Nel collasso del 14 agosto 2018 sono morte 43 persone. Dopo quattro anni si celebra la prima udienza per i 59 imputati accusati di aver ignorato i pericoli che minacciavano il viadotto. Nel frattempo, le società che gestivano il ponte hanno patteggiato e sono state cedute dalla famiglia Benetton
Inizia oggi il processo per il crollo del ponte Morandi di Genova, collassato il 14 agosto 2018 causando la morte di 43 persone. Tra i 59 imputati ci sono ex vertici e tecnici di Autostrade per l’Italia e Spea (la società che si occupava della manutenzione del viadotto), attuali ed ex dirigenti del ministero delle Infrastrutture e altri funzionari.

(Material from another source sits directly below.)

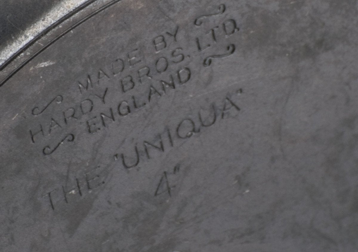 For sale here is a Hardy Uniqua wide drum reel, diameter 4". RHW. MKII check with spare non-engageable. It's in excellent shape, both cosmetically and mechanically. No line grooves. The original ebonite handle spins freely as it should. The tensioner on this reel works great. Gear teeth and dual pawls are in great shape with very sharp points. Frame has knurled edges. Reel weighs 12.4 oz. Original ribbed brass reel foot (straight and full-length). Spool width is 1 3/16". No wobble or end play of concern. Telephone latch functions as it should. No signs of repair whatsoever on this reel. Hard to find in this condition!
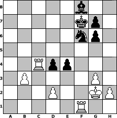 game notation in PGN-format [Event "Love, Peace and Harmony 1"] [Site "www.myChess.de"] [Date "2010.05.08"] [Round "1"] [White "Zoidberg"] [Black "espero"] [ECO "A45"] [WhitemyELO "1831"] [BlackmyELO "1669"] [Result "1-0"] [TimeControl "10/864000"] [WhiteDays "32"] [BlackDays "33"] [MyChessNo "65426"] 1. d4 Nf6 2. f3 c5 3. d5 e5 4. e4 d6 5. c4 Be7 6. Nc3 O-O 7. Bd3 Ne8 8. Nge2 f5 9. exf5 Bxf5 10. O-O Nd7 11. Ne4 Bxe4 12. Bxe4 Nef6 13. Bc2 a6 14. Nc3 Qe8 15. Be3 Rb8 16. Qd3 Rf7 17. Rae1 Nf8 18. Re2 b5 19. b3 Nh5 20. g3 Qd7 21. Kg2 Ng6 22. cxb5 axb5 23. a4 bxa4 24. Nxa4 Rb4 25. Nb2 Rd4 26. Qc3 Rxd5 27. Qc4 Rd4 28. Bxd4 cxd4 29. Bxg6 hxg6 30. Rc2 d5 31. Qc8+ Bf8 32. Qxd7 Rxd7 33. Rc8 Nf6 34. Nd3 e4 35. fxe4 dxe4 36. Ne5 Rf7 37. Nxf7 Kxf7 38. Rc4 1-0 position notation in FEN-format 5b2/5kp1/5np1/8/2Rpp3/1P4P1/3P2KP/5R2 - - - 1 38 Captured white pieces: Captured black pieces: Click on a captured piece in order to display the desired move!

Secondo l’accusa, gli imputati sapevano che il ponte poteva crollare, ma non hanno fatto quasi nulla perché questo accadesse. I reati che gli vengono contestato sono: omicidio colposo plurimo, omicidio stradale, crollo doloso, omissione d'atti d'ufficio, attentato alla sicurezza dei trasporti, falso e omissione dolosa di dispositivi di sicurezza sui luoghi di lavoro.
Il processo ha impiegato poco meno di 4 anni a partire, ma ci vorranno ancora mesi prima che entri nel vivo. Bisognerà attendere settembre, quando si inizieranno a sentire gli oltre 180 testimoni chiamati dall’accusa. La prescrizione intanto è in agguato. Per i reati più lievi contestati agli imputati scatterà già l’anno prossimo.
Il ponte Morandi era gestito dalla società Autostrade per l’Italia, all’epoca la più grande concessionaria stradale italiana, controllata dalla famiglia Benetton. Dopo il crollo e una complessa serie di vicende, la società è stata rilevata dallo stato e i Benetton sono stati generosamente compensati. Sia Autostrade per l’Italia che Spea hanno patteggiato per 30 milioni di euro l’uscita dal processo.